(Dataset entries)
*** Block opens ***

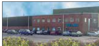
Leicester, Royaume Uni Velan Valves Ltd.
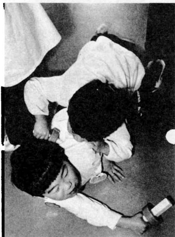
▶やったな、負けるもんかーこれも友情をはくむスキンシップ。

もうすぐ春です。新しく保育所や幼稚園へ通うお子さんのいるご家庭では、誰もが希望に胸がはずむとともに、ちょっぴり不安もあるのでは…。初めての集団生活ですから、本人にとっても親にとっても、何かと心配ですね。 でも、ご心配なく。初めのうちは、保育所に慣れずにおどおどしている子供たちも、やがて、素晴らしい笑顔で仲間と遊びまわることになります。 ご覧の写真は、宮内保育所の先輩わんぱく坊やたち。年長組の彼らは、小学校へ行く日を楽しみしながら、残り少ない保育所での生活を、底抜けに明るくすごしています。
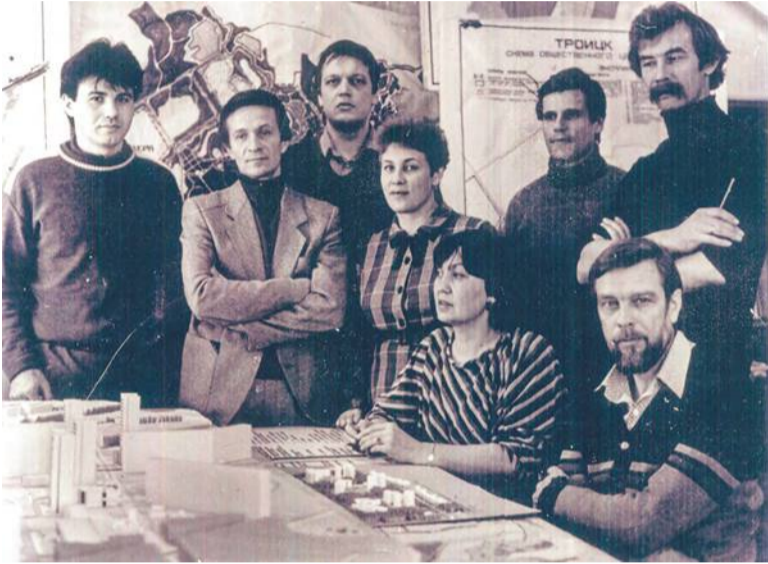
Команда профессионалов КПМ-11 в годы бурного развития Троицка

Комплексная проектная мастерская №11 ГИПРОНИИ АН СССР, в стенах которой создавался Троицк, в прошлом году отметила своё 45-летие. Генплан города, планировка его улиц, проекты большинства зданий выполнены сотрудниками КПМ-11. Однако история организации завершилась на отметке 45: в 2021-м мастерская прекратила свою деятельность. Осталось только вспомнить её славный путь и поблагодарить коллектив за город, в котором живём.
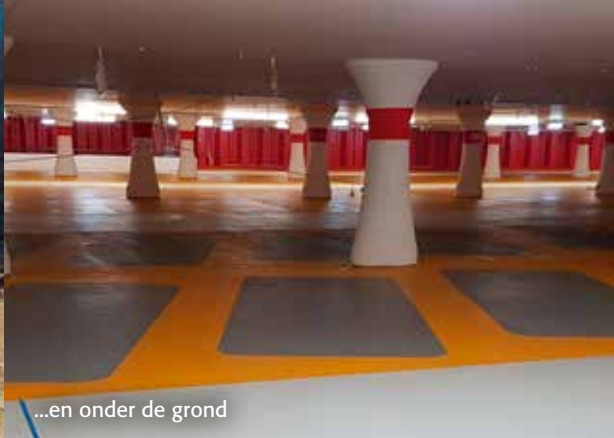
...en onder de grond
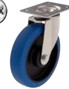
Pivotante, sans frein
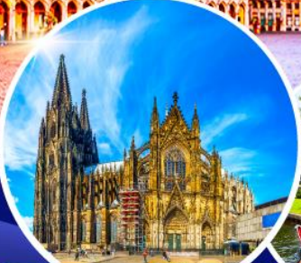
มหาวิหารแห่งโคโลญ หมู่บ้านทึร์ซัน
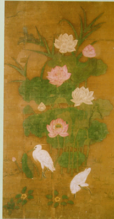
「蓮花驚図」 依呂紀作
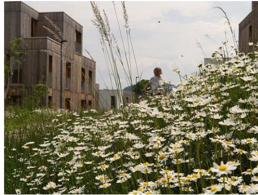
Wohnprojekt B.R.O.T. Pressbaum Generationsübergreifendes, nachhaltiges Wohnen
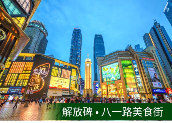
解放碑·八一路美食街
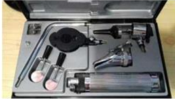
Imagen N° 07 – Pantoscopio referencial
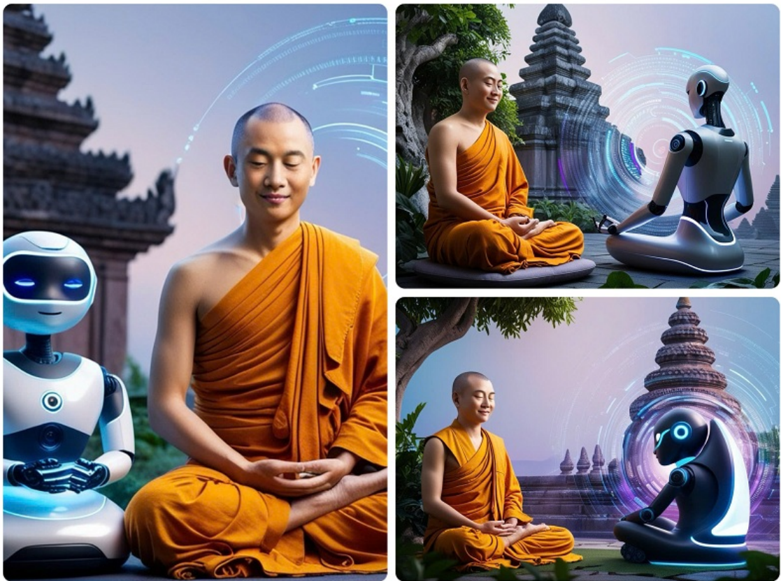
Hình ảnh được tạo bởi công nghệ AI.

Nếu AI lan truyền những thông tin tiêu cực, liệu con người có thể tận dụng điều đó để quán chiếu về khổ đau, từ đó hướng đến sự tỉnh thức và giác ngộ không?
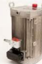
KA42: Elektrohydraulická pohonná jednotka 3fázová 400V/50Hz pro stroje A400 / A400RS / A500
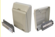
郵便受箱 (両面フラッシュ用) KD-5型 (セット)Bタイプ アイボリーホワイト/ブラウン ¥17,100
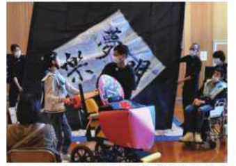
高等部「学習発表会」
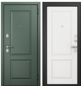
ППП Чёрный муар ED-1 Авокадо / ED-1 Белый софт
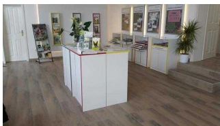
Naturpark Fläming InfoCenter in Coswig
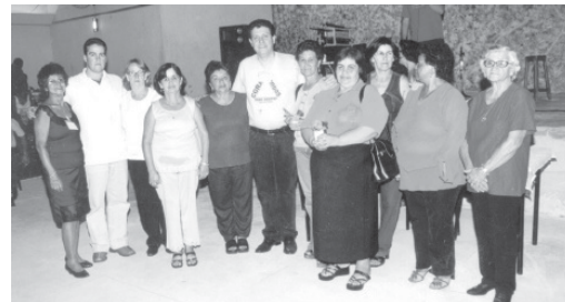
Grupo RENASCR em baile na cidade de Itaú de Minas

cas que fazem a diferença, fazendo-nos acreditar que nem tudo está perdido e que se cada um fizer a sua parte, o mundo será melhor, com o idoso ocupando lugar de honra, dentro da sociedade.
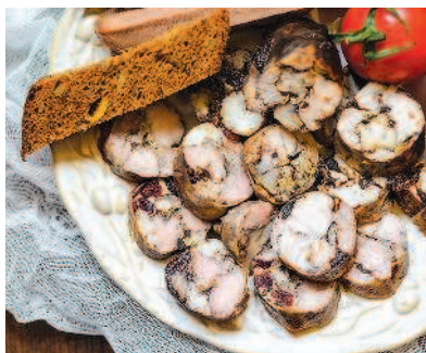
Колбаса с черносливом, с. 33
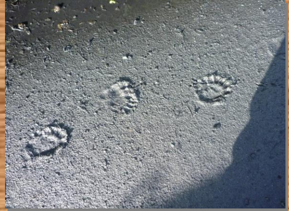
前足と後ろ足で形がちがいます。

*** Block closes ***

● Work to be completed: Set every entry down again word for word, but not the pictures.

● Finished exercise:
Leicester, Royaume Uni Velan Valves Ltd.
▶やったな、負けるもんかーこれも友情をはくむスキンシップ。

もうすぐ春です。新しく保育所や幼稚園へ通うお子さんのいるご家庭では、誰もが希望に胸がはずむとともに、ちょっぴり不安もあるのでは…。初めての集団生活ですから、本人にとっても親にとっても、何かと心配ですね。 でも、ご心配なく。初めのうちは、保育所に慣れずにおどおどしている子供たちも、やがて、素晴らしい笑顔で仲間と遊びまわることになります。 ご覧の写真は、宮内保育所の先輩わんぱく坊やたち。年長組の彼らは、小学校へ行く日を楽しみしながら、残り少ない保育所での生活を、底抜けに明るくすごしています。
Команда профессионалов КПМ-11 в годы бурного развития Троицка

Комплексная проектная мастерская №11 ГИПРОНИИ АН СССР, в стенах которой создавался Троицк, в прошлом году отметила своё 45-летие. Генплан города, планировка его улиц, проекты большинства зданий выполнены сотрудниками КПМ-11. Однако история организации завершилась на отметке 45: в 2021-м мастерская прекратила свою деятельность. Осталось только вспомнить её славный путь и поблагодарить коллектив за город, в котором живём.
...en onder de grond
Pivotante, sans frein
มหาวิหารแห่งโคโลญ หมู่บ้านทึร์ซัน
「蓮花驚図」 依呂紀作
Wohnprojekt B.R.O.T. Pressbaum Generationsübergreifendes, nachhaltiges Wohnen
解放碑·八一路美食街
Imagen N° 07 – Pantoscopio referencial
Hình ảnh được tạo bởi công nghệ AI.

Nếu AI lan truyền những thông tin tiêu cực, liệu con người có thể tận dụng điều đó để quán chiếu về khổ đau, từ đó hướng đến sự tỉnh thức và giác ngộ không?
KA42: Elektrohydraulická pohonná jednotka 3fázová 400V/50Hz pro stroje A400 / A400RS / A500
郵便受箱 (両面フラッシュ用) KD-5型 (セット)Bタイプ アイボリーホワイト/ブラウン ¥17,100
高等部「学習発表会」
ППП Чёрный муар ED-1 Авокадо / ED-1 Белый софт
Naturpark Fläming InfoCenter in Coswig
Grupo RENASCR em baile na cidade de Itaú de Minas

cas que fazem a diferença, fazendo-nos acreditar que nem tudo está perdido e que se cada um fizer a sua parte, o mundo será melhor, com o idoso ocupando lugar de honra, dentro da sociedade.
Колбаса с черносливом, с. 33
前足と後ろ足で形がちがいます。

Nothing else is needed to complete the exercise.